Resolution accepted at the 14th Council Meeting, Budapest, Hungary, April 1-3, 2011
Life expectancy continues to lengthen by around three months every year globally, with differences in the life expectancy in poorer and richer countries diminishing. For example, life expectancy is rising six months a year in Bangladesh, five months a year in Senegal, and "only" two to three months a year in the European Union.
- There is continued great progress in improving the health of people thanks to improved economic conditions and accelerating technological improvements;
- The average length of human life is longer than ever, with people living in good health for many more years than before;
- Life expectancy continues to lengthen by around three months every year globally, with differences in the life expectancy in poorer and richer countries diminishing.
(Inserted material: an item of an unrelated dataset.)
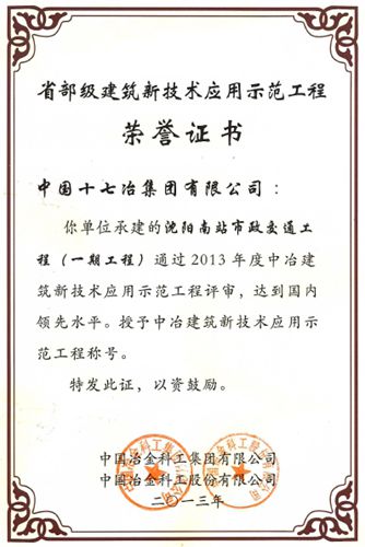 日前,由中国十七冶集团城建工程技术公司承建的沈阳南站市政交通工程(一期工程)荣获中冶集团暨中国中冶授予的2013年度“省部级建筑新技术应用示范工程”称号。

For example, life expectancy is rising six months a year in Bangladesh, five months a year in Senegal, and "only" two to three months a year in the European Union.
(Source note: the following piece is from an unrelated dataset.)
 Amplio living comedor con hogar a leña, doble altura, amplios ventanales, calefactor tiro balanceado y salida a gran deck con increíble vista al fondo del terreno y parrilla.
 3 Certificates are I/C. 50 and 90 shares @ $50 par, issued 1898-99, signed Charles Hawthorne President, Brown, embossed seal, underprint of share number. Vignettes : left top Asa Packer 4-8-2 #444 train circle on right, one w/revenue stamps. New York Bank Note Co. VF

However, considering also that
- Pollution continues to increasingly impact the health of millions of people, particularly in emerging economies; - Lifestyle trends, such as unhealthy diets and the use of tobacco and alcohol, are also causing diseases and early mortality, with the possibility of their effects even negating or reversing the rise in life expectancy if left unchecked;
- Average life expectancy is stagnating or even decreasing in some countries in Sub-Saharan Africa and in the former USSR due mainly to poverty, HIV and alcohol consumption.
Further taking into account
- The recent "Consultation on the pilot European Innovation Partnership on Active and Healthy Ageing" and especially the "aims to increase the average healthy lifespan in the EU by two years by 2020"; - The increasing economic burden that healthcare costs will place on the ageing populations of Europe, with an increasingly large share of the costs incurred during the very last year(s) of life;
- The rapid progress in medical technologies in fields related to neurology, stem cells, regeneration techniques and nanotechnology, may increase the risk that new technological advances will be available only to those wealthy enough to afford them.
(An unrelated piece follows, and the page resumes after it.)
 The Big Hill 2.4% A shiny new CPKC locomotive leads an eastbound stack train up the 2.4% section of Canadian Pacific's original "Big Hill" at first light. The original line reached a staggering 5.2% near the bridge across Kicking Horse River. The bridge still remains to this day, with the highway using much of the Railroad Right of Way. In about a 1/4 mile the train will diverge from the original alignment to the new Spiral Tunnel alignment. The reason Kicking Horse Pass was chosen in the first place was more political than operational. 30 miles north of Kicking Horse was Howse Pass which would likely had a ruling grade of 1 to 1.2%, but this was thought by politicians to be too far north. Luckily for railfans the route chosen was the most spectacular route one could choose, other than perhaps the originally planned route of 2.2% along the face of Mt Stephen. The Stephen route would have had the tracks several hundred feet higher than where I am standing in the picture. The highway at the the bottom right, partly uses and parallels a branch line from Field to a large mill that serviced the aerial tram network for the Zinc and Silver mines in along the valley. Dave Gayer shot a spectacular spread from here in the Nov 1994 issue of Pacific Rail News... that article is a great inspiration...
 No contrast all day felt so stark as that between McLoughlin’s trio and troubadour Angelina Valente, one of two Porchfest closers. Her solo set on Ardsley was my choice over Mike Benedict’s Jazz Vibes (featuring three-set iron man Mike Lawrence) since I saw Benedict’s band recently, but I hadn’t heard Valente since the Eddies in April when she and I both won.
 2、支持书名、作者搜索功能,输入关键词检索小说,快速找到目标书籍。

Taking the points of view that
- The rise in life expectancy is a positive trend for the citizens of the world;
- The continued reduction in the life expectancy gap between the poor and the rich should be striven for.
-the human genetics revolution raises profound social and ethical questions including a possible resurgence of eugenics. There is a widespread concern that genetics is running ahead of society's ability to cope with these issues. It is the duty of political bodies to set responsible limits on these developments.
The European Green Party announces the following political and ethical positions:
- Money or place of birth should ideally have no influence on the length of life. - The aim needs to be to make developments in medical technology to be made available to everyone on the planet;
- The cost of care for the last year(s) of life should not be used as a reason to refuse to care for the eldest, but it should be used as a reason to invest in technologies slowing down age-related diseases;
- Publicly funded research into technologies enabling longer, healthier lives must be encouraged, especially at European level, under strict ethical regulation taking into account that gene therapy might be a possibility to ensure a better life for millions of people suffering from debilitating diseases such as Alzheimer’s ;
- Intellectual property rights need to be managed intelligently in a way that they do not inhibit the further development of research and the EGP supports the continuing campaign against the patenting of all life-forms.